Long before Mac rumors became popular, competitors were doing fine. They don’t need leaks to keep ahead of Apple. Apple is not a threat to them (unless you’re trying to build an “iPod killer” or a music/video service).
As for the national security angle, PIJ, AQ, MB, Hezzbola, Hamas, and others with tentacles in the U.S may have *suspected* that their calls caused a blip on the spooks’ radar, but now they know. This enables them to change strategy, which is bad news for us all. Unlike Sony, Creative, Dell, and others, terrorists have a quick turn around time and an extremely agile process flow. So any competative threat (as it were) causes an immediate shift in plans. This has the side effect of drying up the intel almost overnight. Now no intel is perfect, but it seems a much better case to have a proactive intel service than a purely reactive one, at least in free societies.
As for the Mac side of things, Sony, Dell, and so forth may not be able to change production plans if the leak is late in the cycle, but they sure can change PR. The point is that any advantage they gain from such info gives them a leg up. Apple does have a case in prosecuting the publicists of such information, because they actively solicit it. It’s really not comparable to whistle-blowing, because Apple is not doing something illegal.
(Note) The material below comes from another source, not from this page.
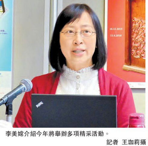 李美嫦於会上介绍了署方今年多项精采活动,包括今年5至7月於文化博物馆举行「他乡情韵:克劳德莫奈作品展」,展出多幅莫奈的名画;历史博物馆於6至8月举行「罗马海军及庞贝古城(暂名)」展览,展出罗马海军文物,如Nemi的战舰残骸、四具人类遗体倒模等,重现庞贝古城因维苏威火山爆发一夜覆没一刻,古人走难时的情况,亦有3D影片呈现古城在火山爆发前后约24小时的实况。
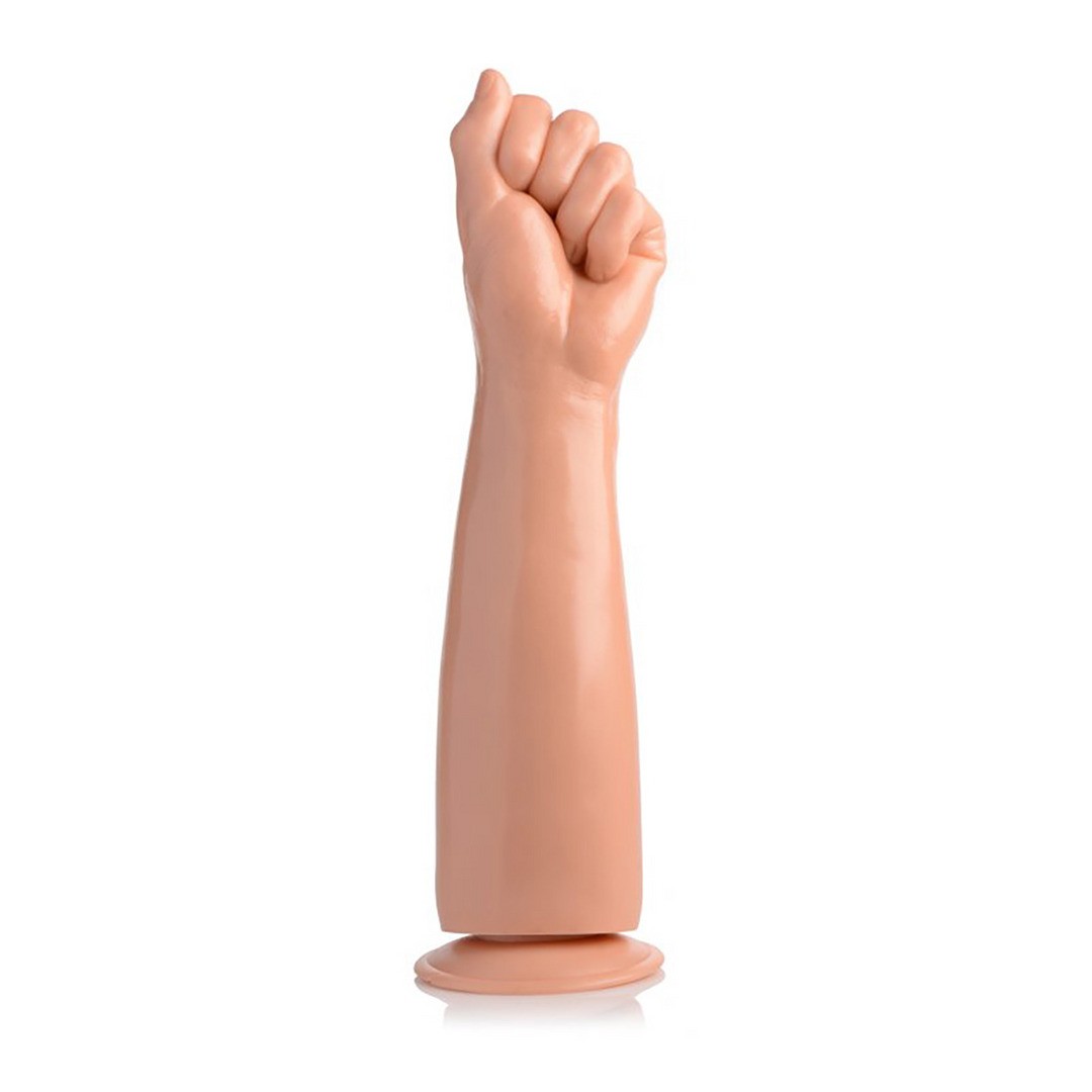 Gode en forme de poing avec ventouse puissante, sans danger pour le corps et idéal pour des pénétrations profondes et intenses, vaginales ou anales.

It seems pretty straight-ahead to me.
As for the national securty angle:
The point is not that a free society may have characteristics – like freedom and privacy – that facilitate the enemies of that same society. The point is whether or not the executive branch of that allegedly free society has some kind of right to, unilaterally and in secret, reinterpret the (IMO very clear) laws of that allegedly free society and secretly spy on individuals without due process. Which is what the current US executive branch has been doing.
As for the Mac side of things:
Rumor sites are just that, rumor sites. They are a dime a dozen and wrong as often as right. To analogize them with industrial espionage is ludicrous. Does anyone really believe that the best intel Microsft can get is from Mac rumors sites? Get real. If MS relies on rumors sites for its planning Apple has nothing to be concerned about.